The Mama Bluegrass Band DOGS FOR BONES
Già il nome della band di Varese è la dichiarazione d’intenti a cui fare riferimento per capire, prima ancora dell’ascolto, cosa si può ritrovare tra i solchi di questo ottimo album. E infatti è così; buona, anzi, ripetiamo, ottima musica “americana” di estrazione roots suonata da italiani che non fanno minimamente rimpiangere i padri fondatori del genere.
Formazione e strumenti sono quelli classici che ci si può aspettare dalla tradizione: chitarre acustiche ed elettriche, basso e batteria, piano e organo, lap steel guitar, violino e banjo (quest’ultimo spesso indiavolato, a volte più compassato, sempre delizioso) ai quali si aggiungono una tromba, un flauto e qualche percussione a seconda dei brani. Il risultato è un coacervo felice di ballate speziate di country, di cavalcate infuocate su praterie più bluesy, e di rock’n’roll sporco al punto giusto.
Ecco quindi che sotto la guida di un basso rutilante e di chitarre che passano con estrema disinvoltura da riverberi Morriconiani a distorsioni Rollingstoniane (What are you looking for?) si può godere, tra le varie piccole gemme di questa collana, di una ballata veloce e splendida come Go on che farebbe la felicità di Steve Wynn, (o il rammarico per non averla scritta lui), la bellissima cavalcata western The legendary robbery on the lakes’ highway, o la più traditional song Moon, brani che, insieme agli altri che compongono l’album, mantengono la tradizione americana calandola però nella virulenza di un suono particolarmente potente e incisivo.

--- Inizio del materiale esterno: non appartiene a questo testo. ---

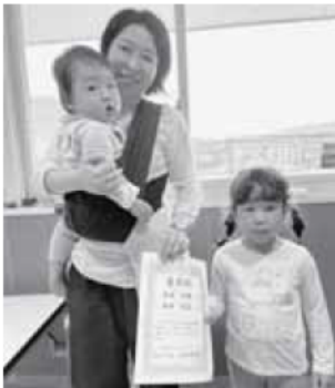
担当 健康しあわせ係

虫歯だけでなく、歯周病は他の病気の原因となる事もあります。この機会に、ぜひ三歳児親子歯科健診を受けましょう。

Non si può non rivolgere un pensiero a chi altri, in tempi più o meno recenti, ha mantenuto alto il vessillo dell’american roots, quindi ecco che lo spirito di Bruce Springsteen si ripresenta più volte (Don’t let non one bring you down, Hometown) così come quello di Pete Seeger (A better way), di Johnny Cash (Moon), dei Creedence Clearwater Revival (Do you think anything changes) o del già citato Steve Wynn (Bad penny). In definitiva un bellissimo album per gli amanti dell’american old style, che a livello italiano si può paragonare per qualità e valore alla mai troppo lodata operazione ultradecennale portata avanti dal corregionale Fabio Treves per quanto riguarda il blues.